Attention: You are using an outdated browser, device or you do not have the latest version of JavaScript downloaded and so this website may not work as expected. Please download the latest software or switch device to avoid further issues.
12 Jul 2021 | |
Written by Afiyah Alim | |
Alumnae |
Having been fortunate enough to have had a positive start in life can make all the difference. And even after 68 years – I left Queen's in 1953 -- I still retain fond memories. Being at Queen's in my teens provided me with the confidence and social bearing that allowed me to jump start my adult professional life. The success I also experienced with my studies – often being in first place irrespective of the subject – added to that confidence. I was clearly an intellectual – albeit out of time and place – and so I should have gone onto university. In fact, my father (my mother had died six year earlier) was even called in by the (then) headmistress – I believe her name was Miss Kynaston – urging him to encourage me to do so.
But my father was a businessman who had been born and raised in Greece. And it had left him with an Eastern Mediterranean background that was overtly chauvinistic. So all he knew about young women was that a good husband was to be sought for them, after which they were supposed to settle happily into domestic life. Thus, even though I was told about that meeting, I was not encouraged. In fact, it was the opposite. Besides, since all my young women friends and relatives had followed the domestic route, I thought I had to do so, too. So much for the tyranny of social expectations. What a terrible pity, as I see it today. But I think I eventually made up for it.
I went on instead to take a secretarial course as many “young ladies” did in those days. And I ended up getting an editorial assistant’s job at British Vogue. But I hated the arrogance, rigid attitudes and artifice of those magazine ladies. I had set my heart upon being a real journalist, a real news reporter covering important issues. So I found a job as a junior reporter on a local paper – the Hampstead News. It was a “lightly paid” (£2 per week) four-year internship, whereby they sent me to classes at a local college for two days each week.

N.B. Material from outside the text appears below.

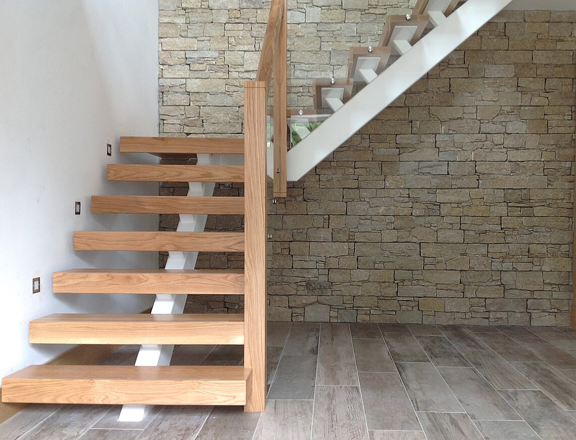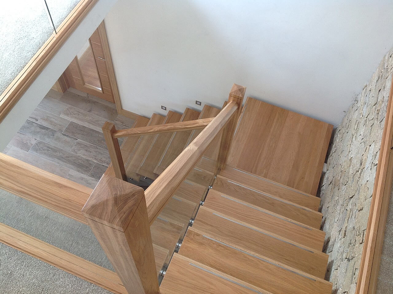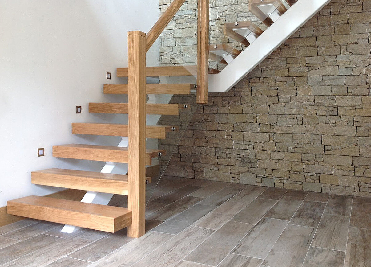 This modern white steel spine staircase features American oak treads with stainless steel inlay, inset LED lighting, and a toughened glass balustrade. Designed, manufactured, sprayed, and installed in Dunhill, Co. Waterford, Ireland, this bespoke staircase blends clean aesthetics with premium materials and expert execution.

It was there that was able to take courses in history, economics, politics – and bearing in mind that this was still the 1950’s – advanced shorthand and speed typing. I devoured those classes. I also discovered how much I loved writing for newspapers and newspaper people. They were my kind: decent, irreverent, down-to-earth; yet serious about their work. But at home I felt stifled. I was now caught between the start of a career that was clearly a perfect match, and a family that had other expectations. The added problem was that the few women who did make it in journalism in those days were all single for life. And I still wanted a home, a husband and a family, too. Also, I would have loved to move out of my childhood room at that point, into a flat in central London; but it was “not done” for young unmarried ladies like me.
So I ran away! I quit my job and headed for New York. I left with two suitcases of clothes and $600 that my father had given me to get started. I promised him that it was only for a year, just to explore living in other places. How I thought I could manage to make any headway under the circumstances I do not know, especially as I barely knew anyone there. But we had been in the city for about a year when I was much younger – my father had gone there on business and taken us all along. And I did know that should I run into serious trouble, my father would have sent me an air ticket to get back home. So I was hardly a refugee.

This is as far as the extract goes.